Here, you’ll use Docker to install Tensorflow.

在这里，您将使用Docker安装Tensorflow 。

Docker is a container platform that simplifies deployment. It solves the problem of installing software dependencies onto different server environments. If you are new to Docker, you can read more here. To install Docker, run:

Docker是一个简化部署的容器平台。它解决了将软件依赖项安装到不同服务器环境中的问题。如果您不熟悉Docker，可以在此处内容。要安装Docker，请运行：

curl https://get.docker.com | sh

After installing Docker, you’ll create two files.
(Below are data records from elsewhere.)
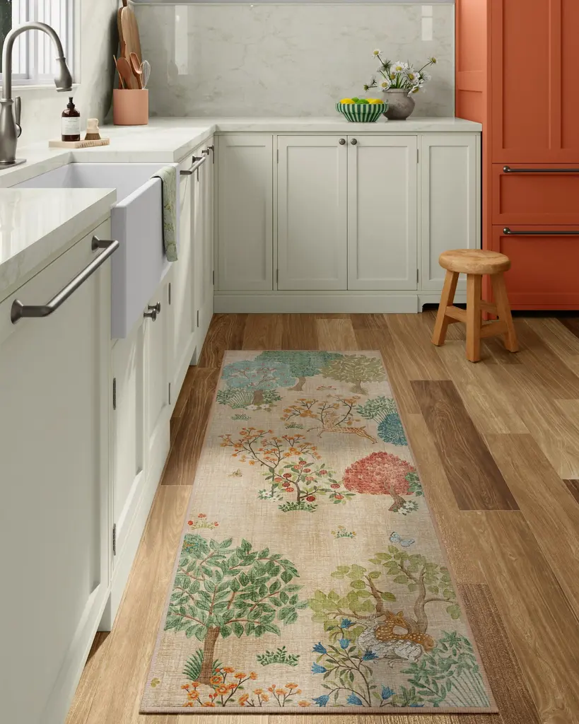 Transform your home with the charming patterns and wild woodland treasures of our Sanderson Pamir Garden Fern Rug. Referencing two Sanderson designs, Pamir Garden and Foraging, this design features a scene of floral sprigs, stylized trees, and antelopes, all interwoven with wild berries, sloes, and delicate blossom trails. The palette of reds, oranges, yellows, greens, blues, and browns is accented with pops of light cream against a light natural background. Water-resistant, stain-resistant, and machine-washable. Rug colors may vary slightly according to your device and the lighting in your space.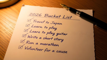 A close-up shot of a handwritten 2026 bucket list on a piece of paper, with several items already checked off, next to a classic fountain pen on a wooden desk.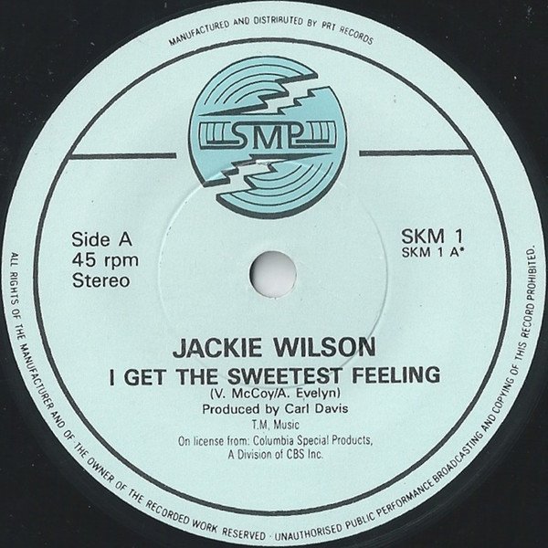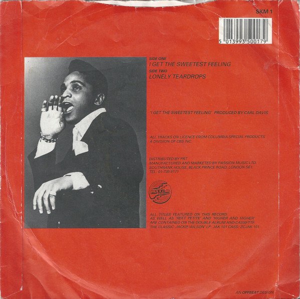 Back cover: All tracks on licence from Columbia Special Products a division of CBS Inc. Manufactured and marketed by Passion Music Ltd. All titles featured on this record as well as 'Reet Petite' and 'Higher And Higher' are contained on the double album and cassette 'The Classic Jackie Wilson' LP: JAK 101 cass: ZCJAK 101. An Offbeat design. Labels: Manufactured and distributed by PRT Records. On license from: Columbia Special Products, a division of CBS Inc. A: T.M. Music B: Jewel Music Publishing Co. Ltd.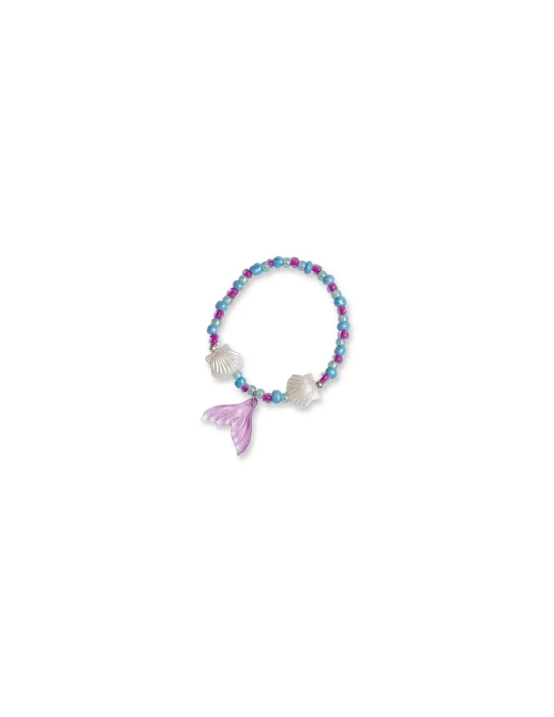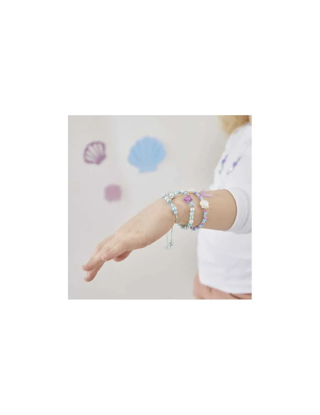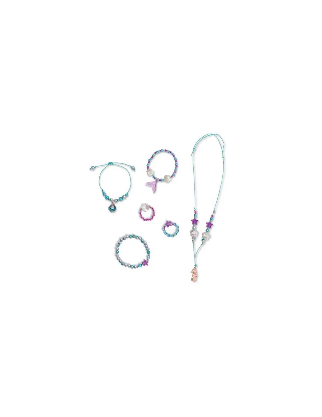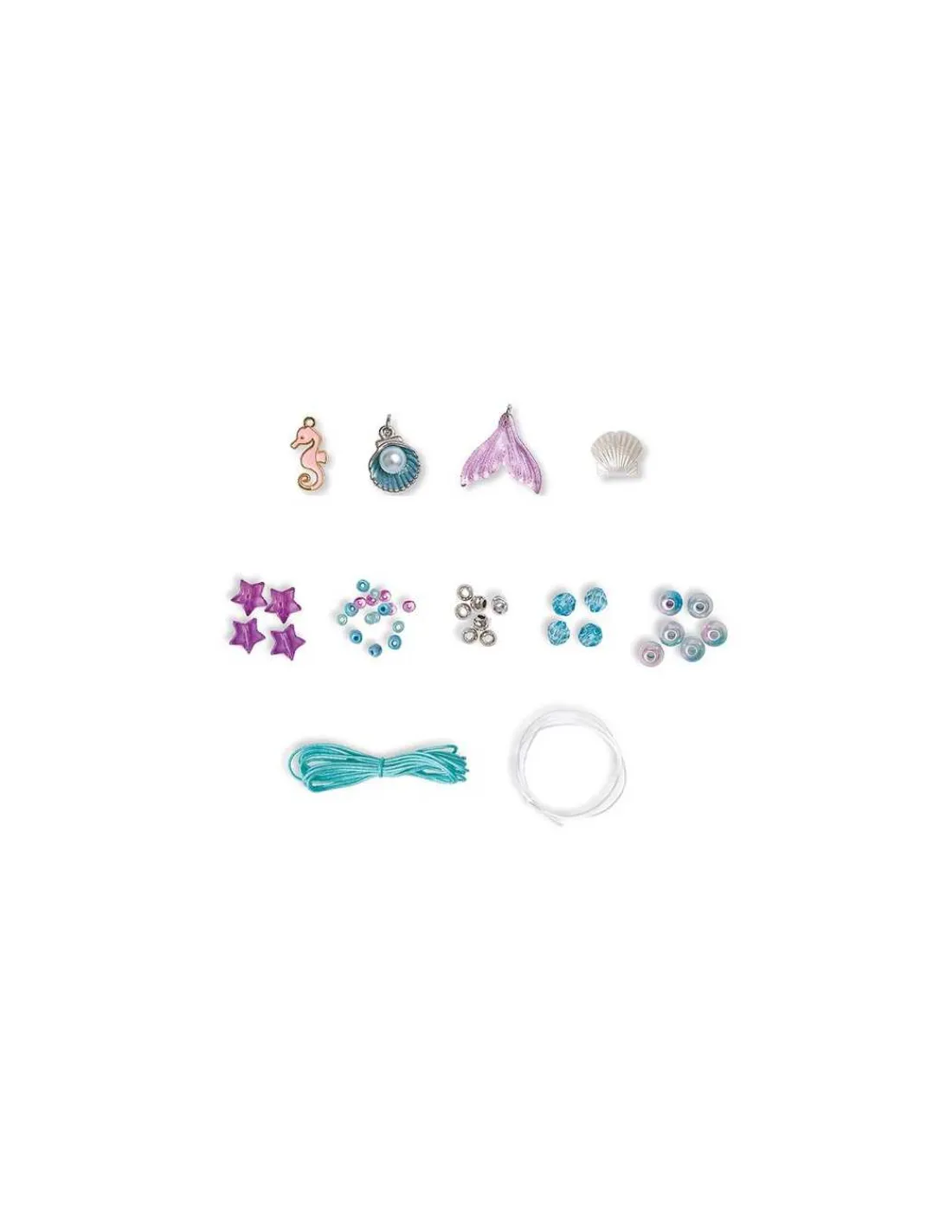 Le coffret comprend le matériel nécessaire pour réaliser 6 bijoux avec de jolies perles : 2 bagues en perles de rocaille, 3 bracelets avec des perles irisées et des petites breloques (coquillage, étoile de mer et queue de sirène) et 1 collier en fil avec une breloque hippocampe.

A requirements.txt for the Python dependencies and a Dockerfile to create your Docker environment.

安装Docker之后，您将创建两个文件。用于Python的依赖关系和Dockerfile requirements.txt创建您泊坞环境。

To build this image, run:

要构建此映像，请运行：

$ docker build -t colemurray/medium-show-and-tell-caption-generator -f Dockerfile .

# On MBP, ~ 3mins# Image can be pulled from dockerhub below

If you would like to avoid building from source, the image can be pulled from dockerhub using:

如果您想避免从源代码构建，可以使用以下命令从dockerhub中提取图像：

docker pull colemurray/medium-show-and-tell-caption-generator # Recommended

下载模型 (Download the model)

Below, you’ll download the model graph and pre-trained weights. These weights are from a training session on the MSCOCO dataset for 2MM iterations.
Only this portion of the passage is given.